Raw data>

○ ○ ○ ○ ○ ○ ○

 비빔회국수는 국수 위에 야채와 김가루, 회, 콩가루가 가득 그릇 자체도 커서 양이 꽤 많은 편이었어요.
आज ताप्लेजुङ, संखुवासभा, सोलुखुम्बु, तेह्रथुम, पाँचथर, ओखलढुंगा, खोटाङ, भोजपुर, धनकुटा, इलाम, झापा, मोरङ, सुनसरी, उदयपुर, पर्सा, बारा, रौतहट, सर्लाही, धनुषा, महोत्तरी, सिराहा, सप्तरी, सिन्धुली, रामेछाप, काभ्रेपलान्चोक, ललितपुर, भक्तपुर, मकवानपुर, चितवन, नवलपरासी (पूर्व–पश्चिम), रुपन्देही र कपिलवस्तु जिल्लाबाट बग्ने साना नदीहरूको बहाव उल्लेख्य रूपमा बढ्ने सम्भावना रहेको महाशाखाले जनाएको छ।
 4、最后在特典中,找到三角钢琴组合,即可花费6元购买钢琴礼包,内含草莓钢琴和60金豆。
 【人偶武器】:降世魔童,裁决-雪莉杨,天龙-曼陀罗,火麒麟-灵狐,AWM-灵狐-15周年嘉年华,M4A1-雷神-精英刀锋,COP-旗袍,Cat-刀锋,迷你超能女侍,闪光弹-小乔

○ ○ ○ ○ ○ ○ ○

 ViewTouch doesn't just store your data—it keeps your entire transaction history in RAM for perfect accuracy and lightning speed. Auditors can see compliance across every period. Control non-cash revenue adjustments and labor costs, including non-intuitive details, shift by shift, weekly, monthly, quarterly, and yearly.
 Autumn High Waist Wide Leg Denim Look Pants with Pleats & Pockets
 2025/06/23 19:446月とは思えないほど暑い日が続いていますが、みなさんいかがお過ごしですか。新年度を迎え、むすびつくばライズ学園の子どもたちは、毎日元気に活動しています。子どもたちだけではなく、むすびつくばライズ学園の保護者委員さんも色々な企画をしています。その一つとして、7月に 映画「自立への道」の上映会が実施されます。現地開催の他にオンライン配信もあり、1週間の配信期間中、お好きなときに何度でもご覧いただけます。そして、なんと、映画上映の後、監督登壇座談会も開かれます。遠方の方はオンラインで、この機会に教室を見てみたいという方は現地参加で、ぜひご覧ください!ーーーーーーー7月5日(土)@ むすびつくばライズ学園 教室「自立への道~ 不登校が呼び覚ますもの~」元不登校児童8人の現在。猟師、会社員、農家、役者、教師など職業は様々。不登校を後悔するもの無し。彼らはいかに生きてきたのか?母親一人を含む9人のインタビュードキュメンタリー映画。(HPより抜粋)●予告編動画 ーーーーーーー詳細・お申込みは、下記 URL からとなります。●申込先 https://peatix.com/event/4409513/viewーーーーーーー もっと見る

○ ○ ○ ○ ○ ○ ○

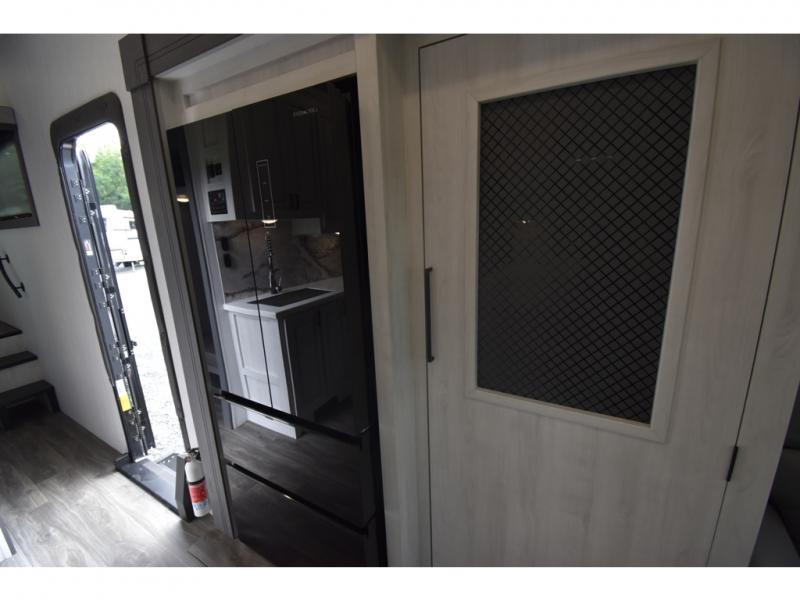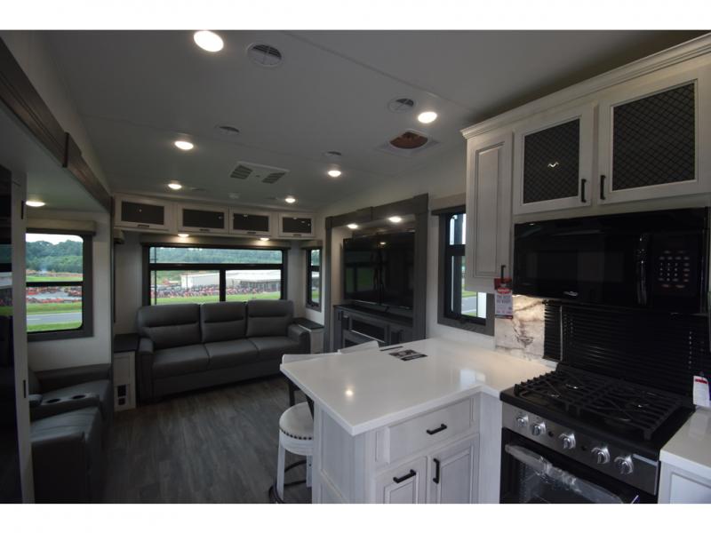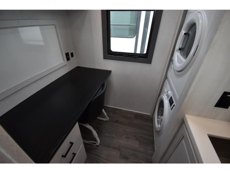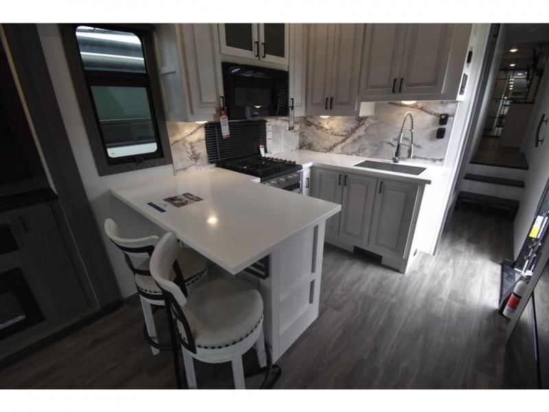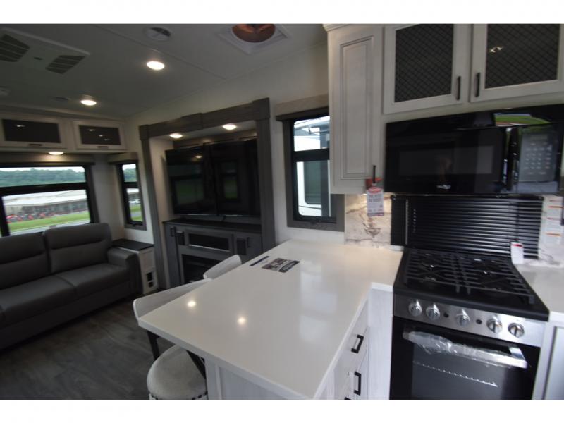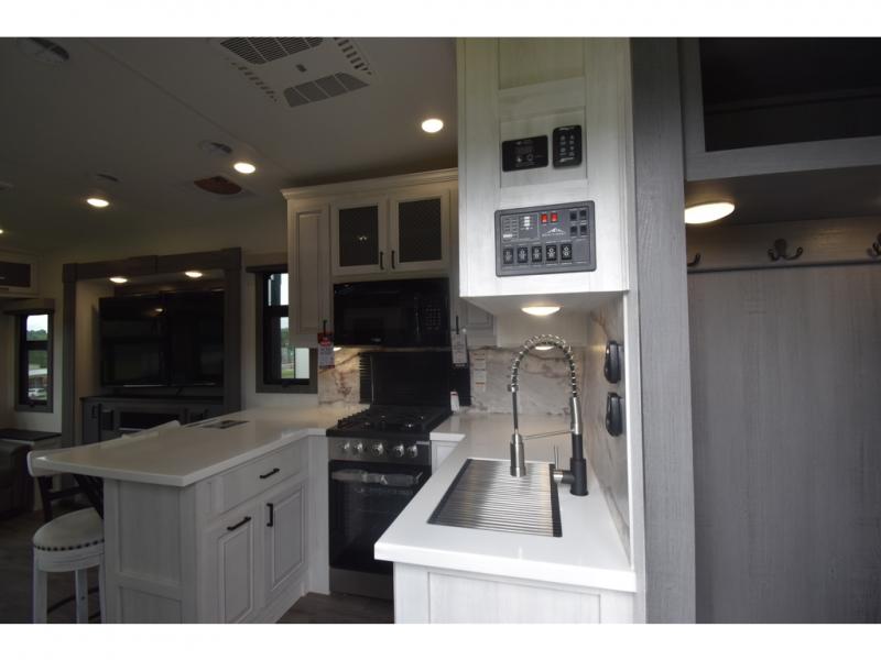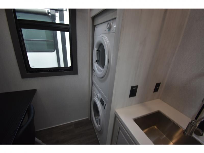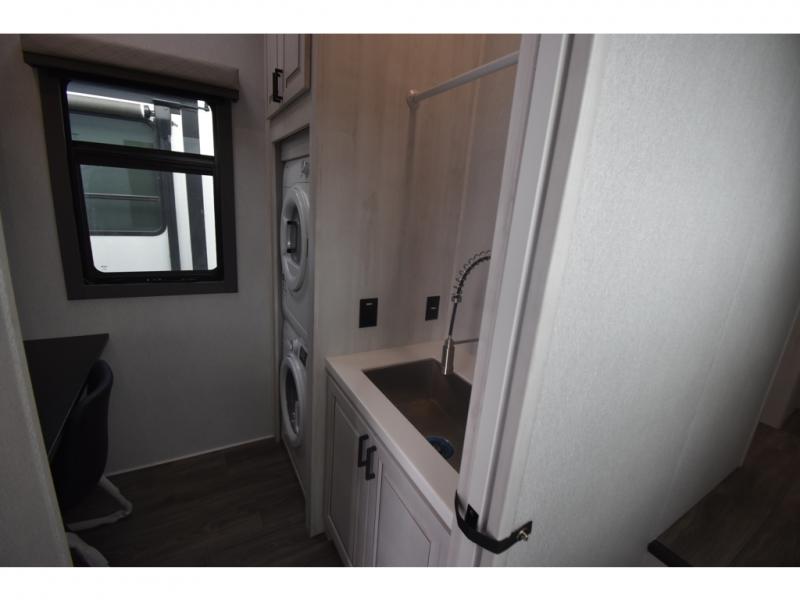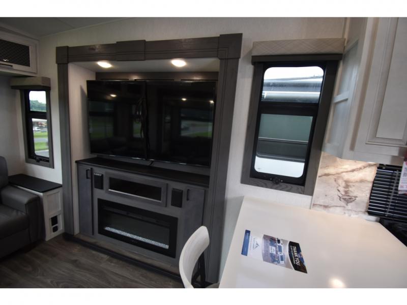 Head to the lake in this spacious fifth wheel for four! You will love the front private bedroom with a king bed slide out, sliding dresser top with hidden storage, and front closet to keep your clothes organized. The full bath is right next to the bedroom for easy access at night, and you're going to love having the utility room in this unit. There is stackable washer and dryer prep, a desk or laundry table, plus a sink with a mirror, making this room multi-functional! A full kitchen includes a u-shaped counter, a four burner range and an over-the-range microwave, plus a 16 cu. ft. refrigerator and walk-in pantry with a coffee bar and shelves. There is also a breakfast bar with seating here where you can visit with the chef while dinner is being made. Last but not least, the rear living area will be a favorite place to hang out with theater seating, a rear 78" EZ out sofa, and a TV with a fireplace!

○ ○ ○ ○ ○ ○ ○

Task brief> An exact copy of the lines above, from the one containing "비빔회국수는 국수 위에" down to the one containing "4、最后在特典中,找到三角钢" and including both, is the whole answer; retype it and nothing else.

Task answer>
 비빔회국수는 국수 위에 야채와 김가루, 회, 콩가루가 가득 그릇 자체도 커서 양이 꽤 많은 편이었어요.
आज ताप्लेजुङ, संखुवासभा, सोलुखुम्बु, तेह्रथुम, पाँचथर, ओखलढुंगा, खोटाङ, भोजपुर, धनकुटा, इलाम, झापा, मोरङ, सुनसरी, उदयपुर, पर्सा, बारा, रौतहट, सर्लाही, धनुषा, महोत्तरी, सिराहा, सप्तरी, सिन्धुली, रामेछाप, काभ्रेपलान्चोक, ललितपुर, भक्तपुर, मकवानपुर, चितवन, नवलपरासी (पूर्व–पश्चिम), रुपन्देही र कपिलवस्तु जिल्लाबाट बग्ने साना नदीहरूको बहाव उल्लेख्य रूपमा बढ्ने सम्भावना रहेको महाशाखाले जनाएको छ।
 4、最后在特典中,找到三角钢琴组合,即可花费6元购买钢琴礼包,内含草莓钢琴和60金豆。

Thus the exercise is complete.